Could the listing be repeated exactly, with every picture dropped?

→ **Data**:
━━━━━━
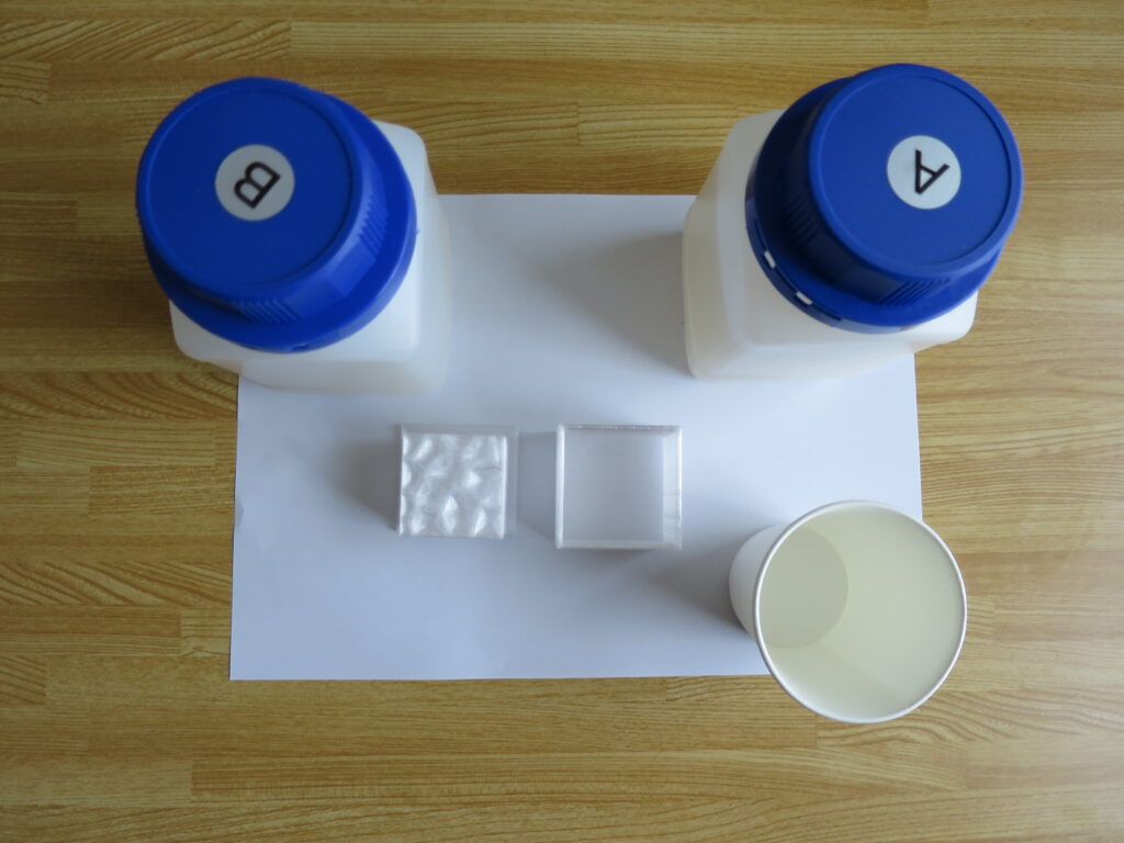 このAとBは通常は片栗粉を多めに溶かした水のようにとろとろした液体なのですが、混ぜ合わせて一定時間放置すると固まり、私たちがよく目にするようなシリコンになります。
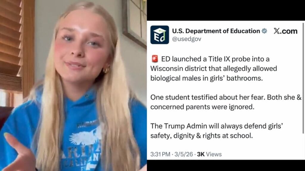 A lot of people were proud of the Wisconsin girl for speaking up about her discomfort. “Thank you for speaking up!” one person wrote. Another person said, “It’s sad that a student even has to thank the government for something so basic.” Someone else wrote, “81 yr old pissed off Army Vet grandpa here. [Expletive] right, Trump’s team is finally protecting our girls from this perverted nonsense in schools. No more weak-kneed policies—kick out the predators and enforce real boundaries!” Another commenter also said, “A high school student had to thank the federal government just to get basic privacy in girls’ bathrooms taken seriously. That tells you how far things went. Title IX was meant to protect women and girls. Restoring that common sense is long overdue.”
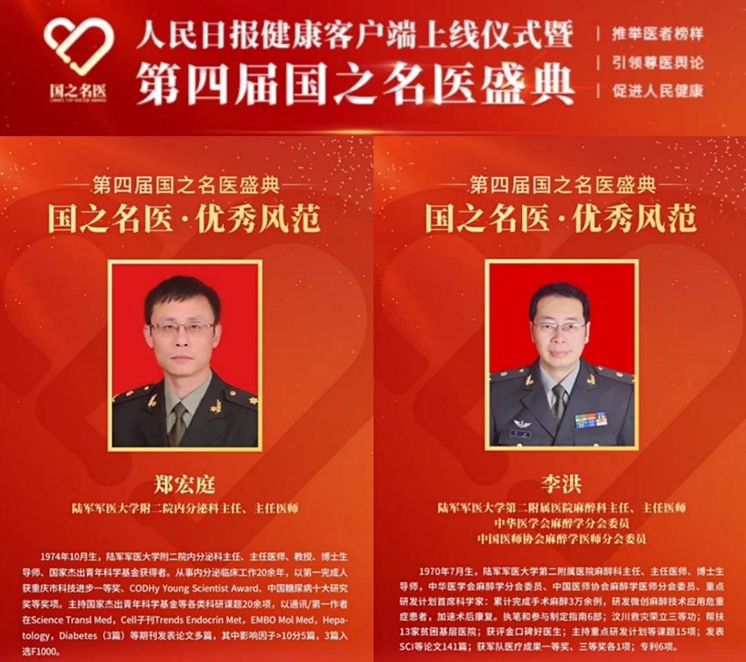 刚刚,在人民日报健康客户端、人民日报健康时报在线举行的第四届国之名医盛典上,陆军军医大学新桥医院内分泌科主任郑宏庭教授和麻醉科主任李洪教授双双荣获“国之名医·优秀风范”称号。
━━━━━━
→ **Answer to this exercise**:
 このAとBは通常は片栗粉を多めに溶かした水のようにとろとろした液体なのですが、混ぜ合わせて一定時間放置すると固まり、私たちがよく目にするようなシリコンになります。
 A lot of people were proud of the Wisconsin girl for speaking up about her discomfort. “Thank you for speaking up!” one person wrote. Another person said, “It’s sad that a student even has to thank the government for something so basic.” Someone else wrote, “81 yr old pissed off Army Vet grandpa here. [Expletive] right, Trump’s team is finally protecting our girls from this perverted nonsense in schools. No more weak-kneed policies—kick out the predators and enforce real boundaries!” Another commenter also said, “A high school student had to thank the federal government just to get basic privacy in girls’ bathrooms taken seriously. That tells you how far things went. Title IX was meant to protect women and girls. Restoring that common sense is long overdue.”
 刚刚,在人民日报健康客户端、人民日报健康时报在线举行的第四届国之名医盛典上,陆军军医大学新桥医院内分泌科主任郑宏庭教授和麻醉科主任李洪教授双双荣获“国之名医·优秀风范”称号。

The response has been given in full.